**Assignment**. Everything from the line with "Дом ещё не построен, домовладение" down to the line with "でも、子供がテレビで見て、こ" below must be printed exactly, those two lines included. Exclude pictures.

**Recorded data**.
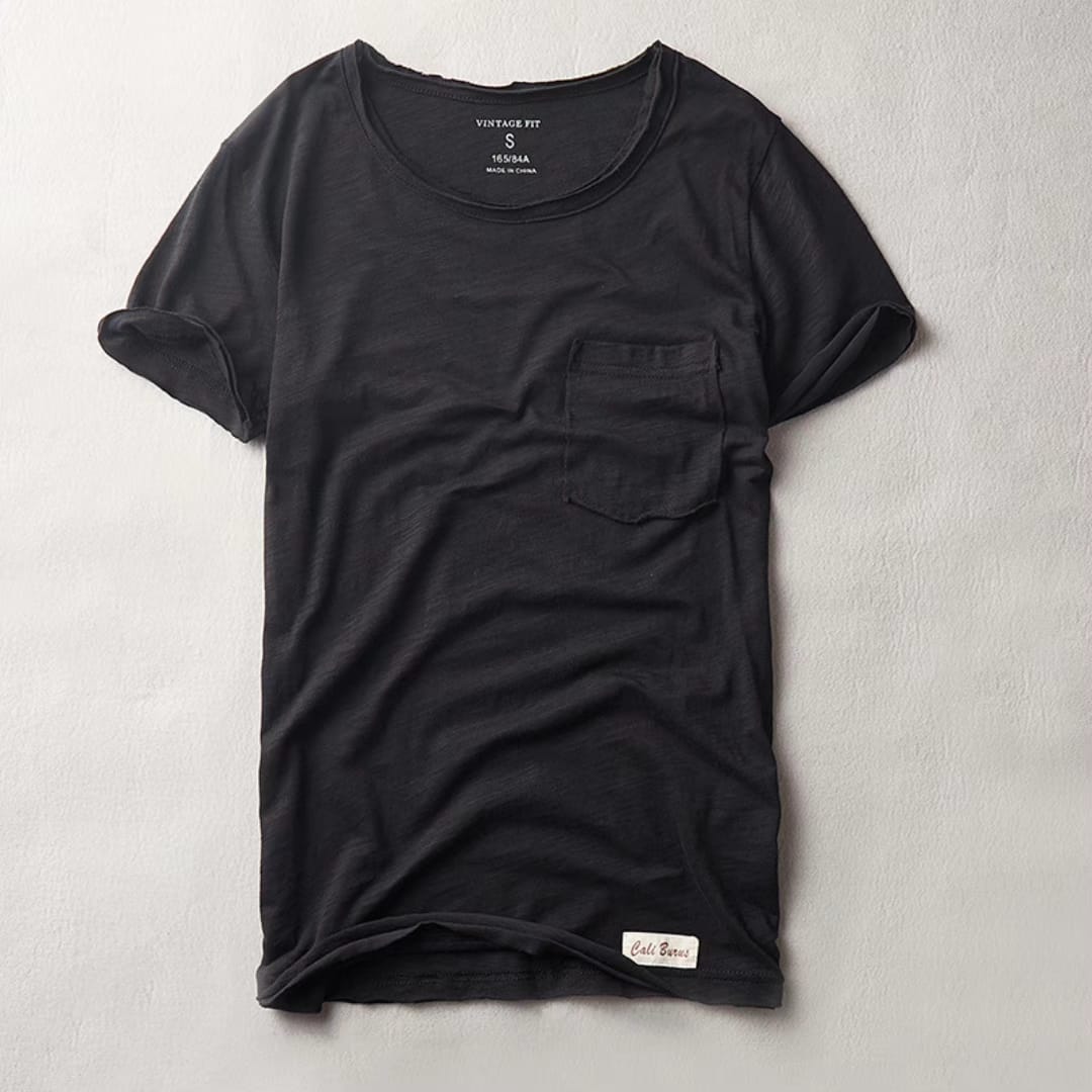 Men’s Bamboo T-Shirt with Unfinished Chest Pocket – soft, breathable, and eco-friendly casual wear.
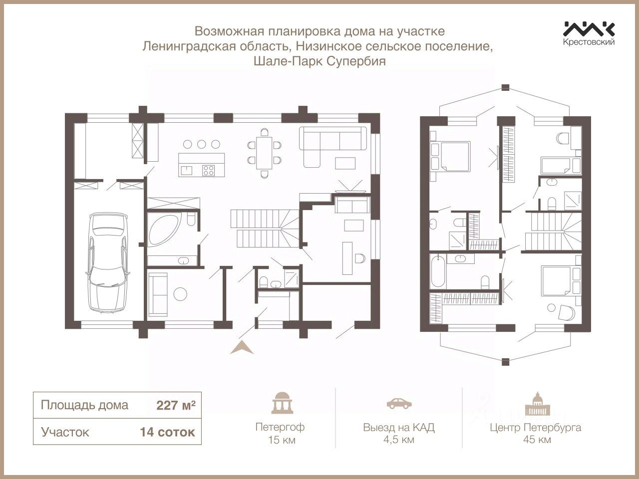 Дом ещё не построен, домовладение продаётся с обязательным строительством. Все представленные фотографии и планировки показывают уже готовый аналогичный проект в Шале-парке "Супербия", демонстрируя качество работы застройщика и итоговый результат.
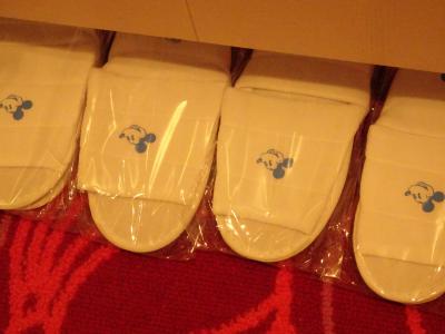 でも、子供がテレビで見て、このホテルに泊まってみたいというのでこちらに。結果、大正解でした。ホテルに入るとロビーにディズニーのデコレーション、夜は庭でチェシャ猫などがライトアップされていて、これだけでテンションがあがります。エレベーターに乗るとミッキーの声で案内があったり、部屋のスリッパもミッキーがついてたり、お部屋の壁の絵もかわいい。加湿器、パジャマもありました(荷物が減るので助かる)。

==

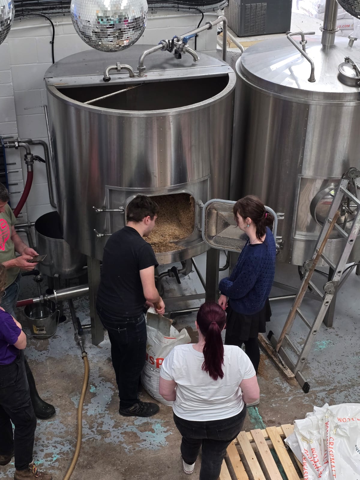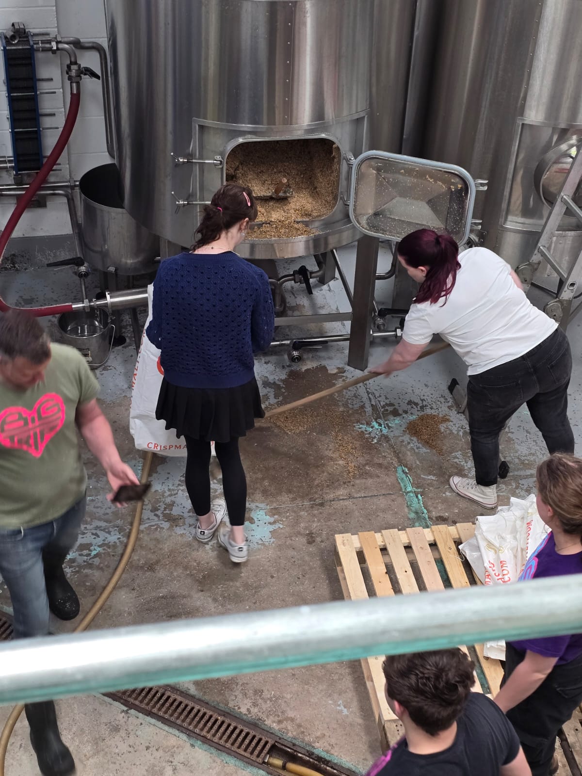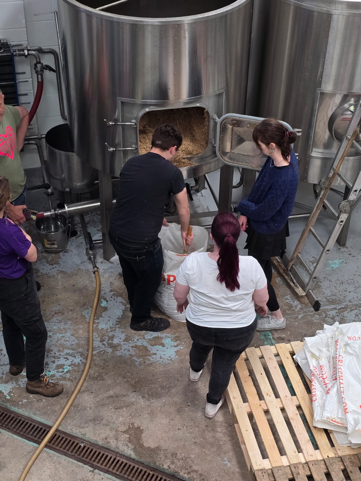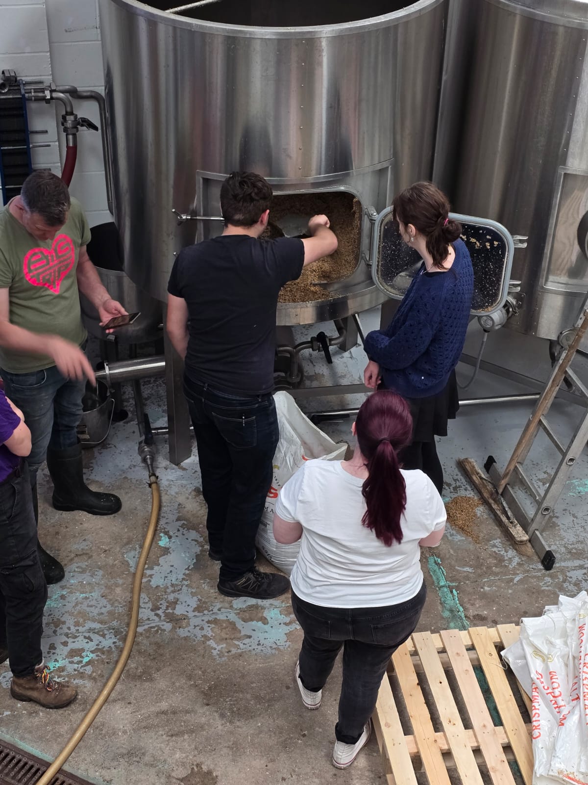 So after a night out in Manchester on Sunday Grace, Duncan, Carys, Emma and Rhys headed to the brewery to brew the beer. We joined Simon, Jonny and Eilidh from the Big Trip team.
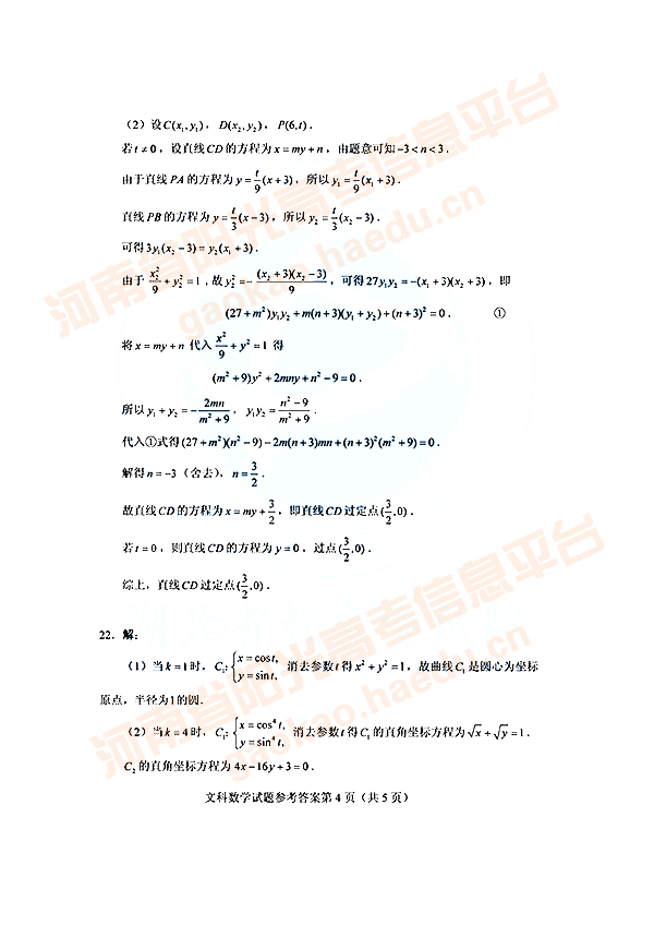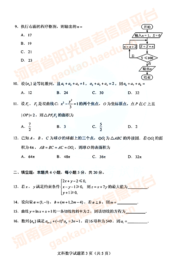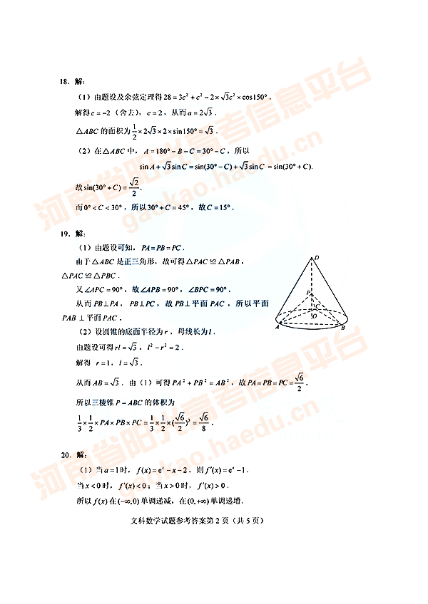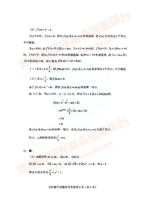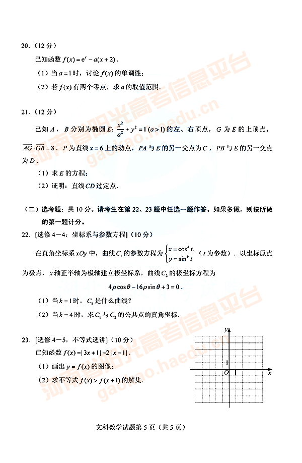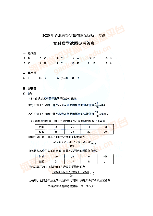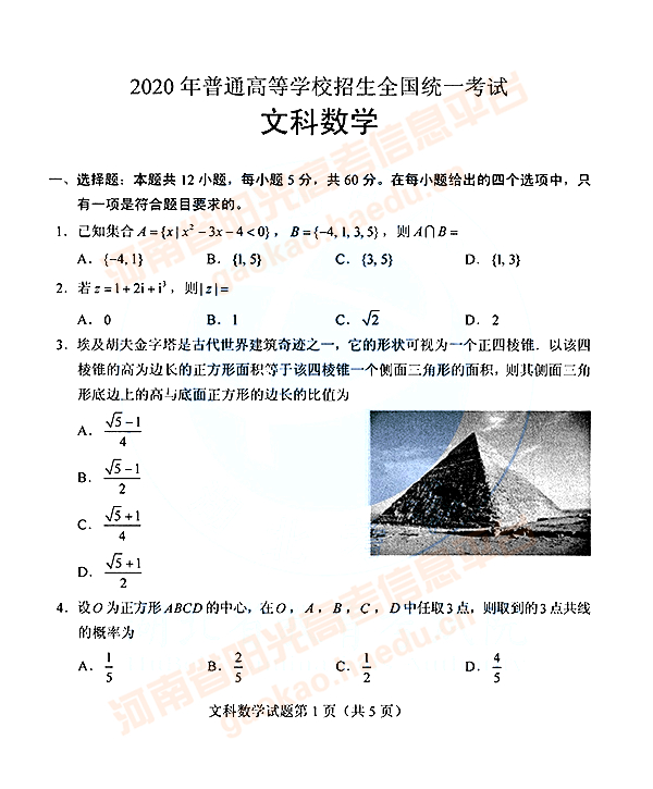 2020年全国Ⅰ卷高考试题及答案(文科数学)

--

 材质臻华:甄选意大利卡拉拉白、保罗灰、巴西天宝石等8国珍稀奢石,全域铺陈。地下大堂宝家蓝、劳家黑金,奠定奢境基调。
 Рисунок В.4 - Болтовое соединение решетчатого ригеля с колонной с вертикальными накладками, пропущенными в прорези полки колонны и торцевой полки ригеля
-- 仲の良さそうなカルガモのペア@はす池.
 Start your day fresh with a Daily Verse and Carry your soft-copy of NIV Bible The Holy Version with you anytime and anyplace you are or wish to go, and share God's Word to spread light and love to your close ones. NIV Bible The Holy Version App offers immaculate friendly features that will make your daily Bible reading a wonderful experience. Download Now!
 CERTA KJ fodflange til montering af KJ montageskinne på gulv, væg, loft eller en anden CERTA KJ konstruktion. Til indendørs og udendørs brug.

**Reply**.
 Дом ещё не построен, домовладение продаётся с обязательным строительством. Все представленные фотографии и планировки показывают уже готовый аналогичный проект в Шале-парке "Супербия", демонстрируя качество работы застройщика и итоговый результат.
 でも、子供がテレビで見て、このホテルに泊まってみたいというのでこちらに。結果、大正解でした。ホテルに入るとロビーにディズニーのデコレーション、夜は庭でチェシャ猫などがライトアップされていて、これだけでテンションがあがります。エレベーターに乗るとミッキーの声で案内があったり、部屋のスリッパもミッキーがついてたり、お部屋の壁の絵もかわいい。加湿器、パジャマもありました(荷物が減るので助かる)。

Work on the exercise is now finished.